Apparently, the big debate in quantum physics at present is straying into what used to be a question for philosophers only – i.e. whether there is any such thing as objective reality at all, or whether things only exist when they are observed. The interaction between event and observer is what creates reality, it is argued; it seems to me that it must therefore follow is that any such interaction is as valid as any other, and that reality, like beauty, is thus in the eye of the beholder.

So what's this got to do with my usual hobby-horse, Welsh politics? Well, given the way in which the same events have been so widely interpreted to mean completely different things, perhaps we need a quantum theory of politics.

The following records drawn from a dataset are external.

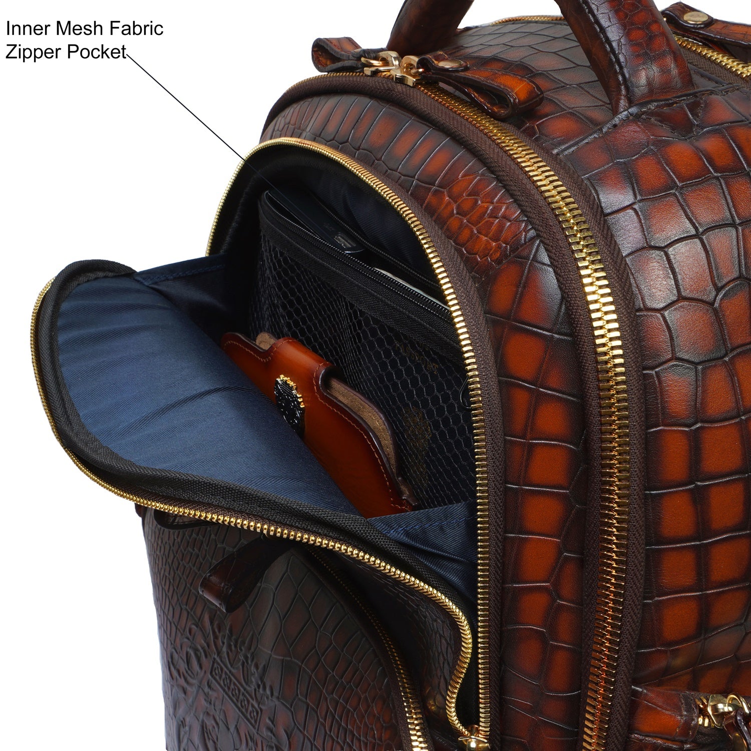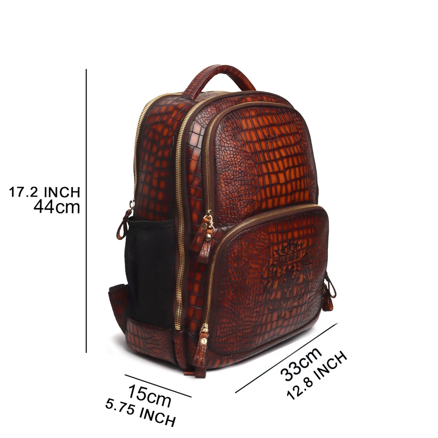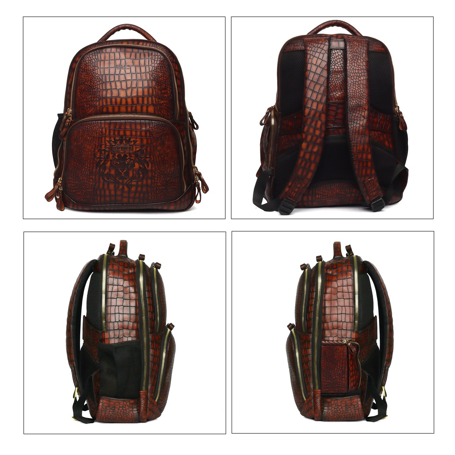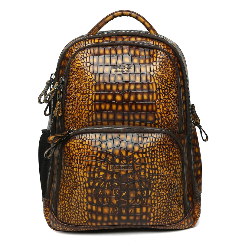 Colors in Leathers are rare to seen, but we are here to ask "What is your choice of color in Leather?" It's a Cognac Leather unisex Backpack in Deep Cut Croco Leather with smokey patina finish. It features 2 large zip compartments including laptop pocket & suitcase opening to carry clothes and 2 small pockets to carry documents or any other accessories. This amazing travel leather backpack is crafted with genuine leather by generations' long craftsmen experience. Its elegant look ensures to keep the every eye on you. This is a perfect accessory for a perfect airport look. You can write your name Initials on the products too with our bespoke services. Lion Logo in contrasting color is enhancing royalty of the product. The precisely created size makes it easy to go in flights as check-in luggage bag. Padded straps and back make it very comfortable while carrying on shoulders. It can get attached easily with the roll over back sleeve.
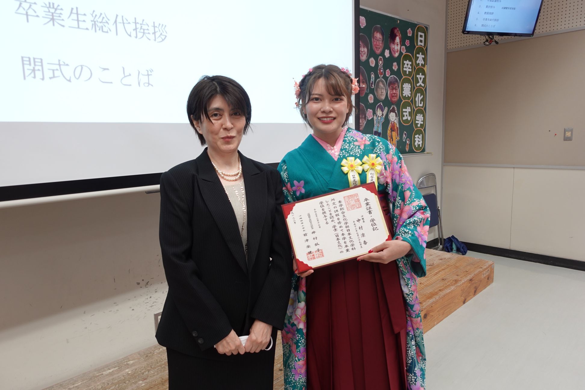 最後に、桃原学科長からは、「体が縮こまってしまうようなつらい状態でも、それはいつか来るチャンスに備えて、高く高くジャンプするための大事な時間です。つらいときほど自分を大切にして、日本文化学科で身に付けた「ことばの力」を生かして、社会で活躍されることを願っています」というエールもありました。
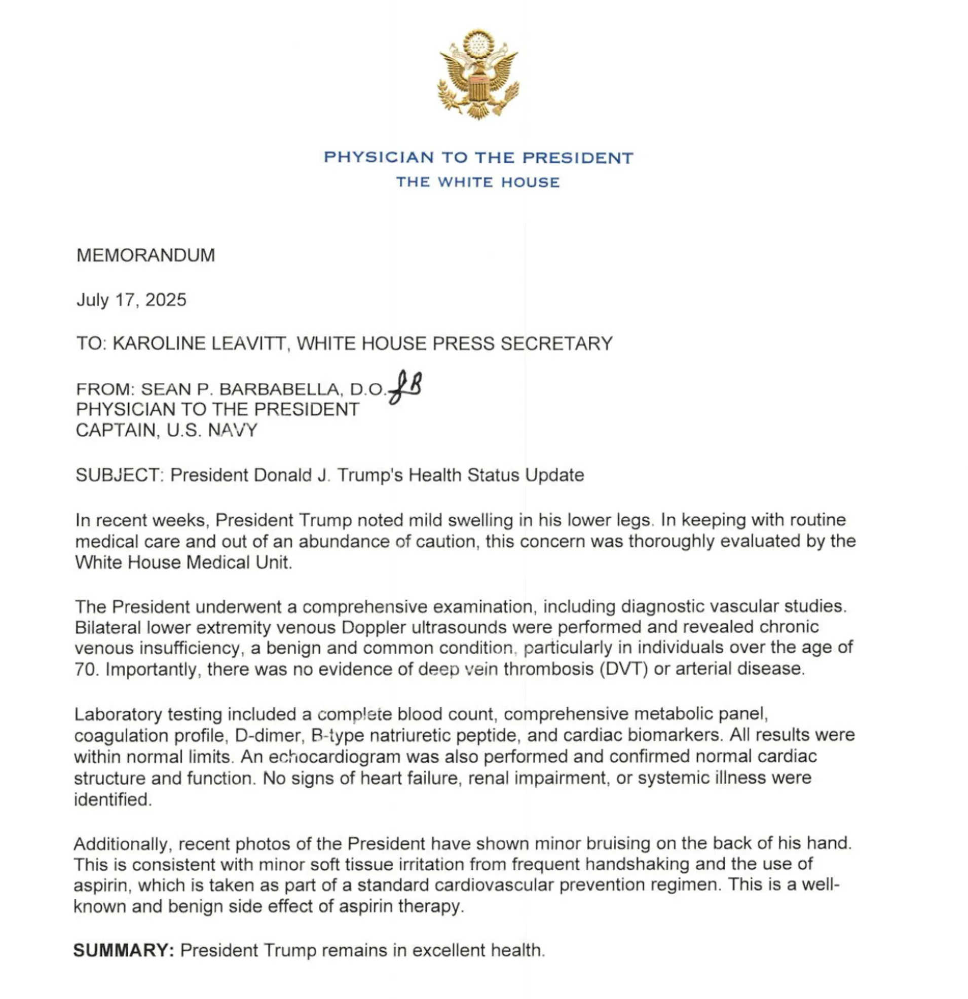 萊維特還補充說,特朗普的血液檢查結果都在“正常范圍內”,超聲心動圖證實“心臟結構和功能正常”,“沒有發現心力衰竭、腎功能障礙或全系統疾病的跡象”。
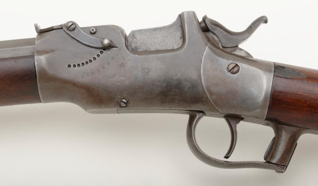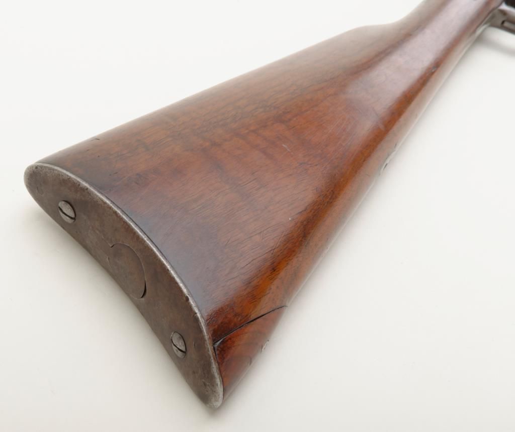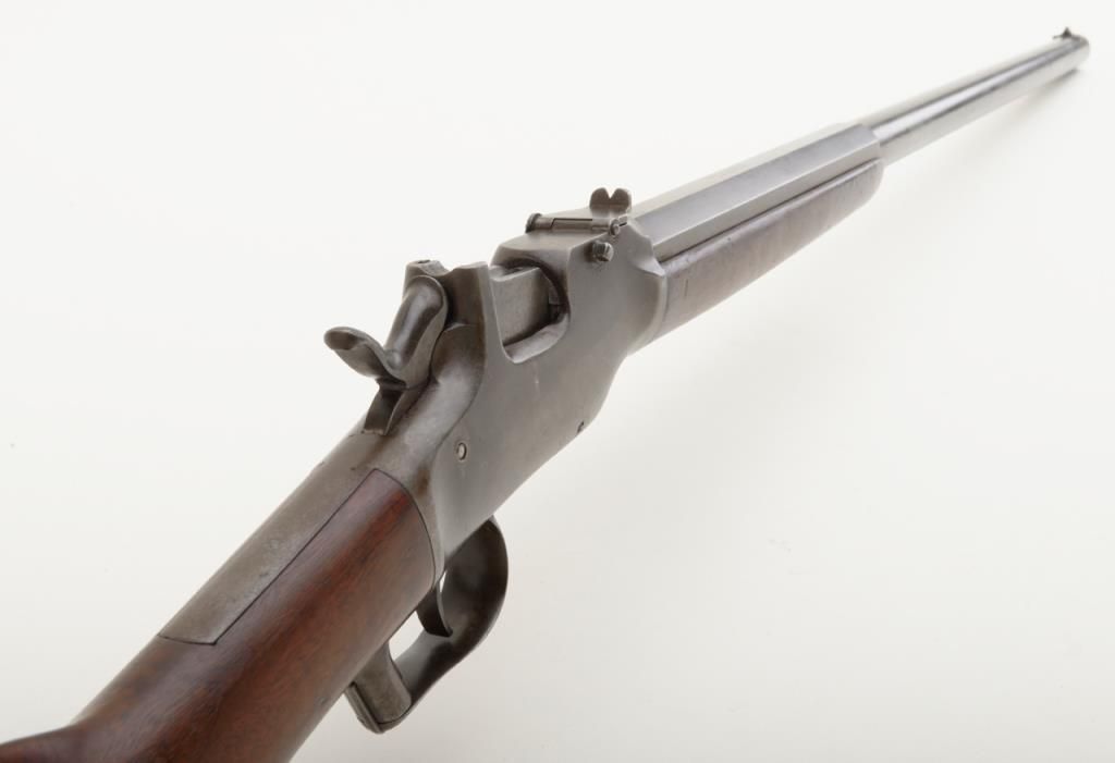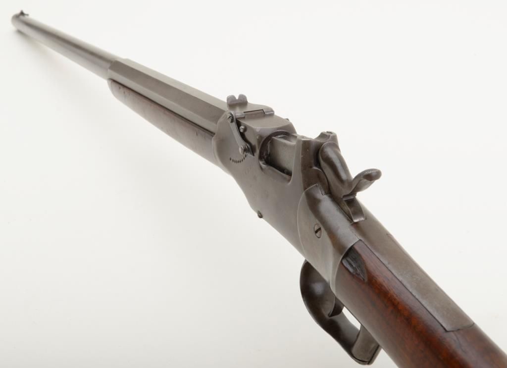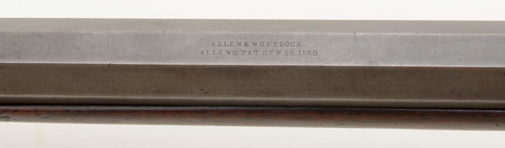 Allen & Wheelock falling block single shot rifle, .41 cal., 26” half round/half octagon barrel, wood stocks, #1130 in overall very good condition showing a brown patina, very good bore, crisp action, good markings, very good wood stocks. (Antique). Est.: $250-$500.
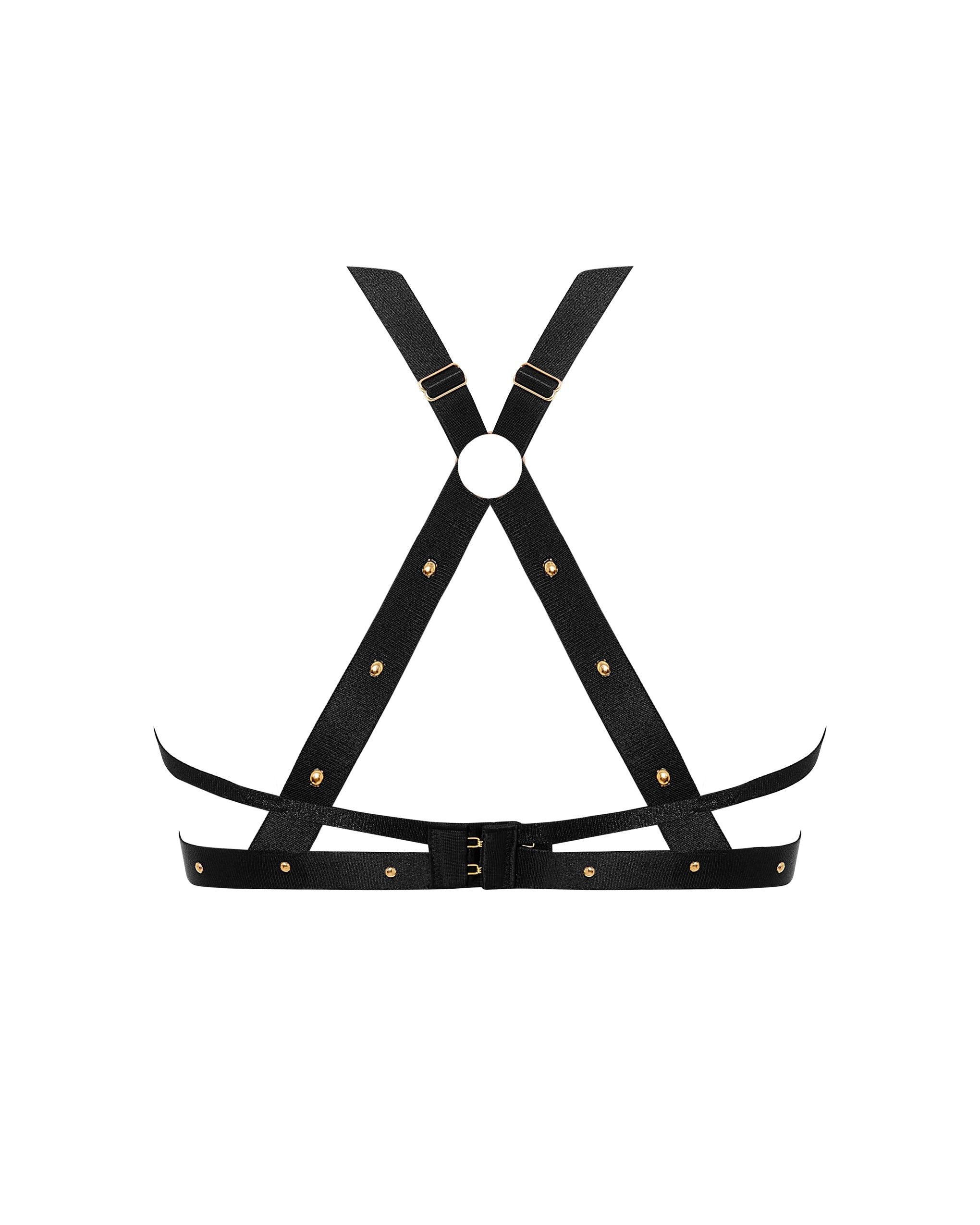 The harness bra design features underwiring and a raised center gore for support and subtle lift, while the premium elastic strapping is adorned with gold-tone studs and ring hardware for a striking look. Adjustable cross-back straps and a rear hook and eye fastening ensure a personalized and secure fit.
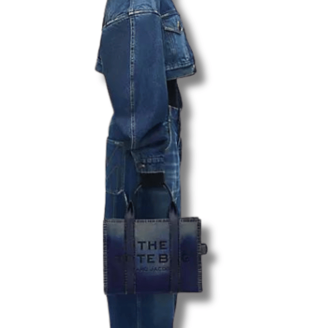 Crafted of photo-printed denim on leather, this medium tote bag from Marc Jacobs is finished with contrast stitching.
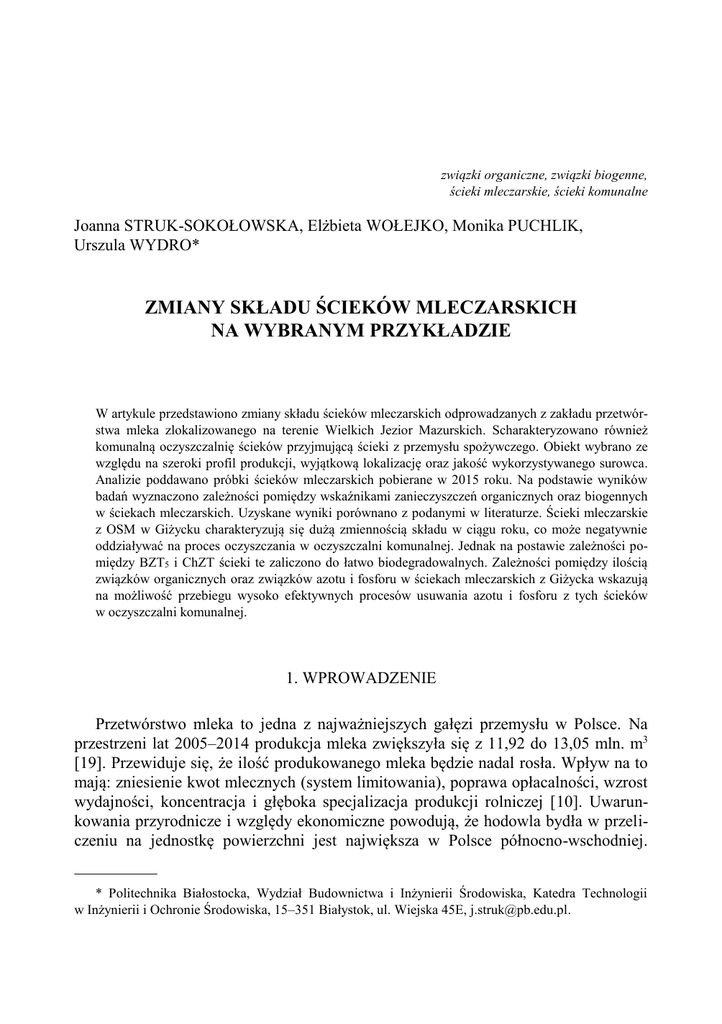 Zmiany składu ścieków mleczarskich na wybranym - Eko-DOk
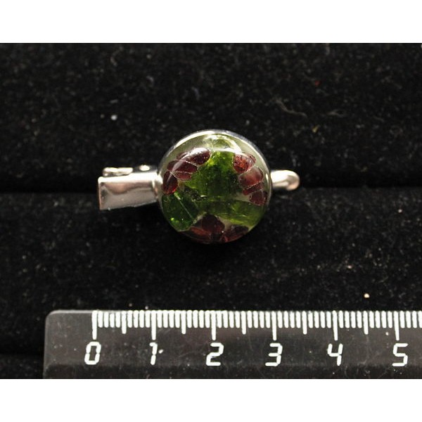 • Заколка-крокодил с хромдиопсидом и гранатом (кабошон-мозаика), круг 18мм
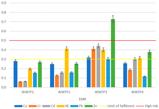 In contrast to RAC, the ERD and EMR indices consider the mobility of metals in fraction I and fractions II and III. Among these indices, the ERD index emerged as a more comprehensive assessment of the analyzed sewage sludge. Specifically, the ERD index highlighted a notable risk of contamination primarily associated with copper (at WWTP1 and WWTP3) and zinc (at WWTP3) (as depicted in Figure 7). Conversely, according to the EMR index, the high-risk threshold was surpassed solely by zinc in the sewage sludge obtained from WWTP3 (as illustrated in Figure 8).
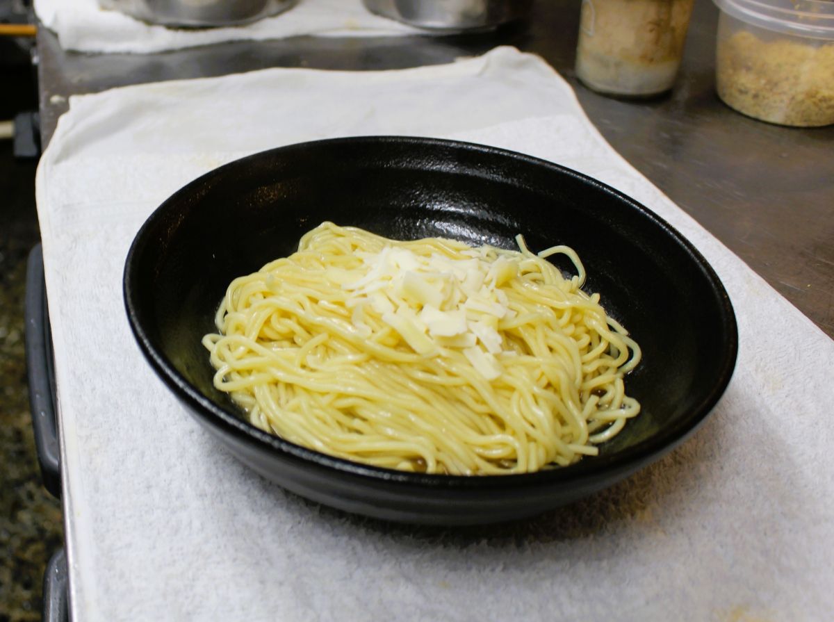 もっと濃厚にしたい人は「炙りチーズマーボーメン」(1,200円)が必食。背脂をのせた麻婆豆腐の上にチーズをどっさりのせ、バーナーであぶるのでドリアやグラタンのような濃厚仕上げに。期間限定メニューがあまりの人気でレギュラーに定着した、オススメの1杯です。
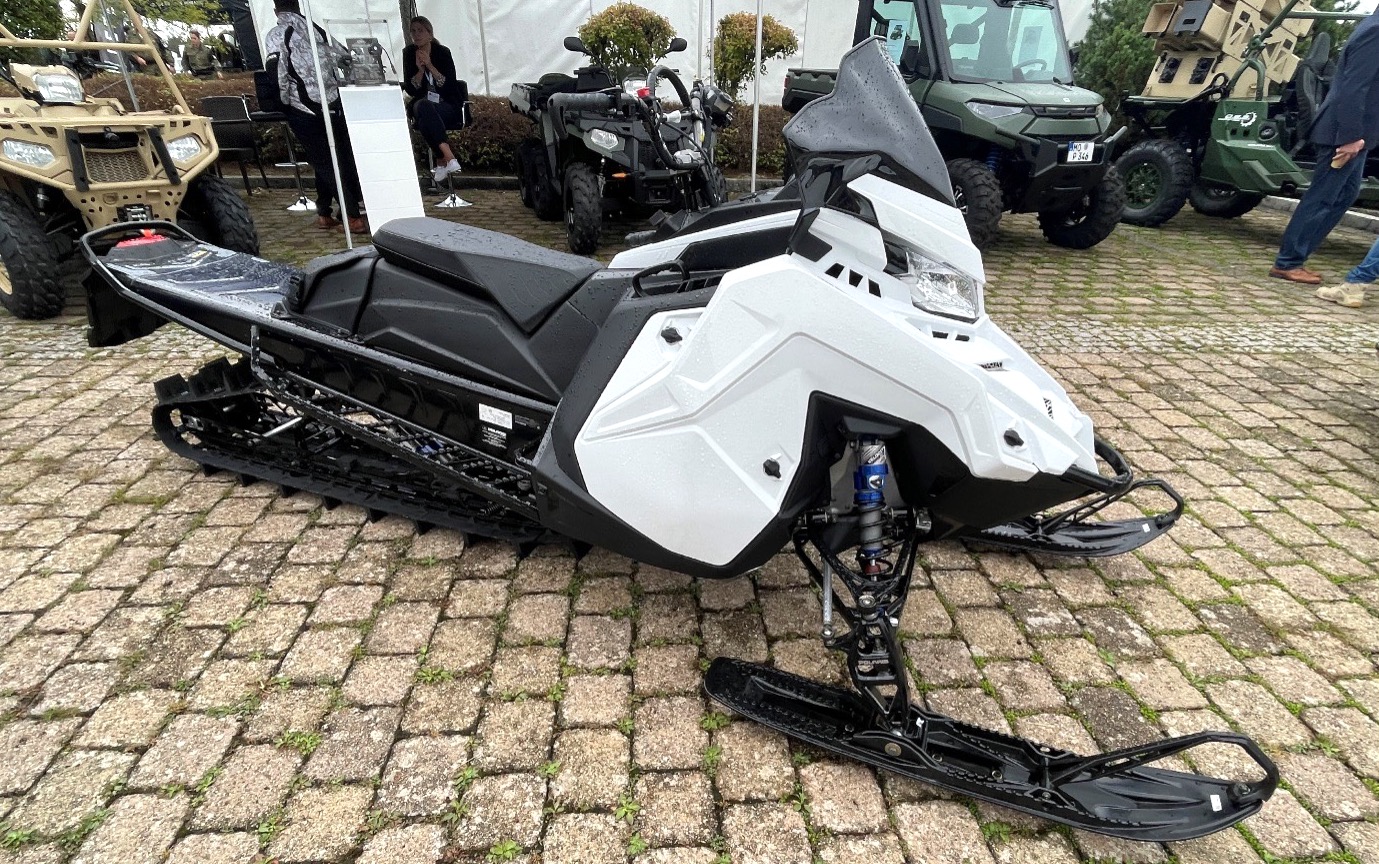 Der auf dem KSK-Symposium gezeigte neue 2025 Military 850 PRO RMK 155 ist ein wendiges, leichtes Schneemobil, das für überlegene Manövrierfähigkeit der Militär-Schneemobile bei Patrouillen- und Aufklärungsfahrten entwickelt wurde (wir berichteten). Die verlängerte Spur und der sich verjüngende Tunnel erhöhen die Leistung des Schneemobils im Tiefschnee, während ein durchgehender Kühler für bessere Kühlung und
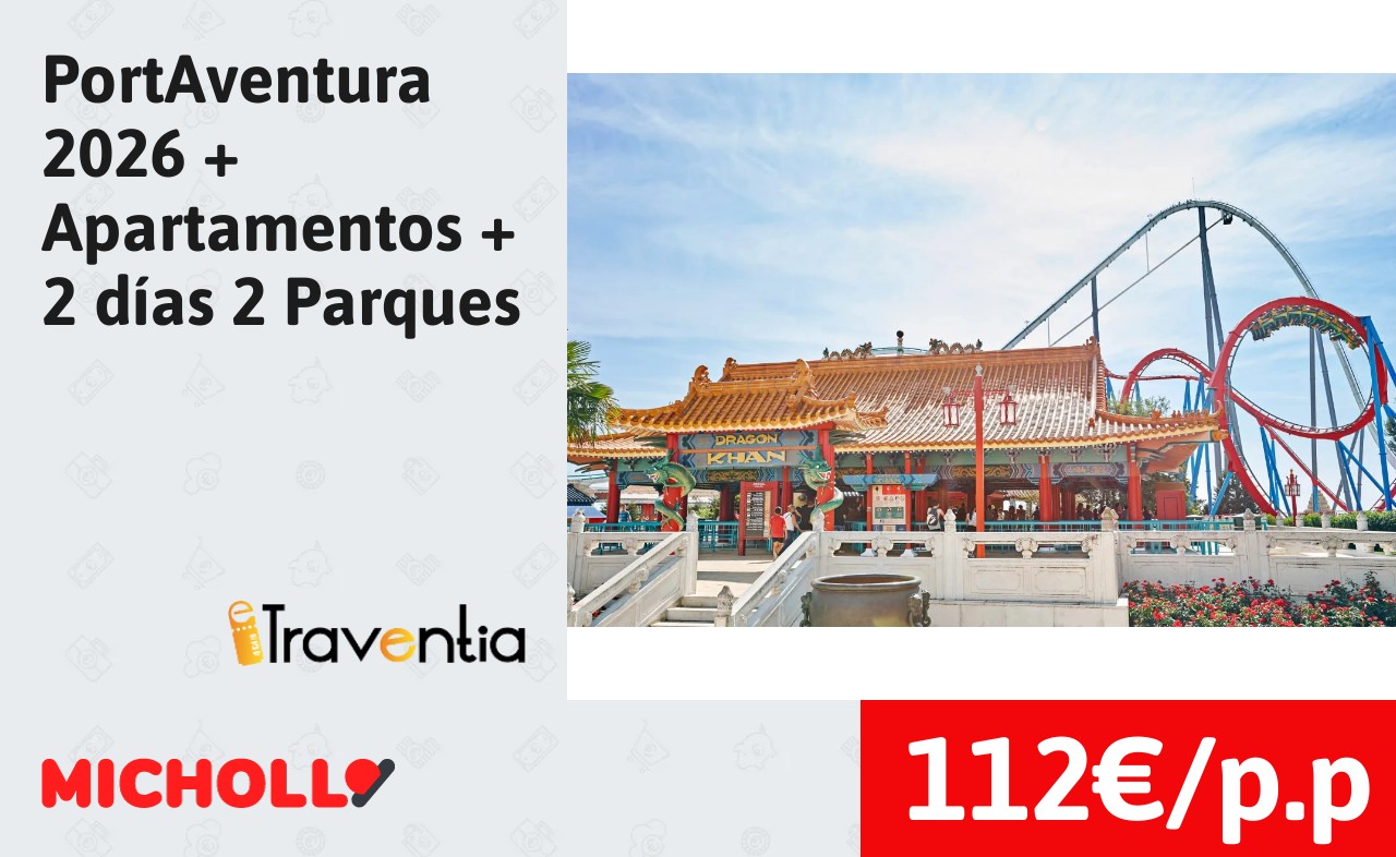 🔹 PortAventura 2026 + Apartamentos + 2 días 2 Parques solo 112€❗️❤️

Take the fact that Ieuan Wyn Jones, as widely trailed, ended up recommending to his group that Plaid should accept the deal with Labour and reject the alternative rainbow proposal. In advance of the decision, we had two very different takes on what it said about Plaid's leader.

According to Glyn Davies:

I just can't believe Ieuan Wyn Jones. He must be the only politician in the
Western world who doesn't want to be First Minister. Wouldn't be so bad if I
wouldn't give my right arm for the what is the best job in Wales. One month in
the job would be better than 10 years as Leader of the Opposition. The man has
no sense of history. When Ieuan comes to writing his autobiography, I suggest
the title 'I just wasn't big enough when it mattered'.
Vaughan Roderick, considering the same event, said (my translation):

So tomorrow I suspect that Ieuan will go against his instincts, and
sacrifice his personal ambition for the sake of his party. Ieuan has grown
during all this. Members of Plaid Cymru should be proud of their
leader.

But according to my quantum theory of politics, there are plenty of other interpretations open to us as well. I suspect that Jones was really hoping that something would go badly wrong with the Labour deal, enabling him to save the rainbow, but he was determined not to find himself in a minority in his own group. After all, he's been there once before, after the 2003 election, ad it's easy to see why he wouldn't want to go there again.

2 comments:

Unknown said...

Watch Adam Price. He is the coming man and will rise to the occasion one of these days.
Plaid is lucky in its leaders, many of whom have dignity, integrity and conviction. Adam Price is one of them.

Anonymous said...

alanindyfed, you are commenting in blogs everywhere like a spin merchant for the Plaid lefties. Their chief puppettier.

I suspect you wrote Adam's article, the style is yours, the same way of campaigning. No wonder you want to direct attention to Adam's blog. He's a good MP but he will loose a lot of credibility if you insist on playing him publicly as a stooge.

As you do with HMJ. She has done herself no favours with the public with recent behaviour but you continue to blow her trumpet.

This event today could lose Adam's seat, directly because he has been associated with the lefties in west Wales. Gordon Brown could call an election any time and I guess that why this blog item was written now. To try and save his job by publicly associating himself with socialist views before Plaid decided where they were going?

Spin does not work any more. There are too many of us wise to it and ready to expose it.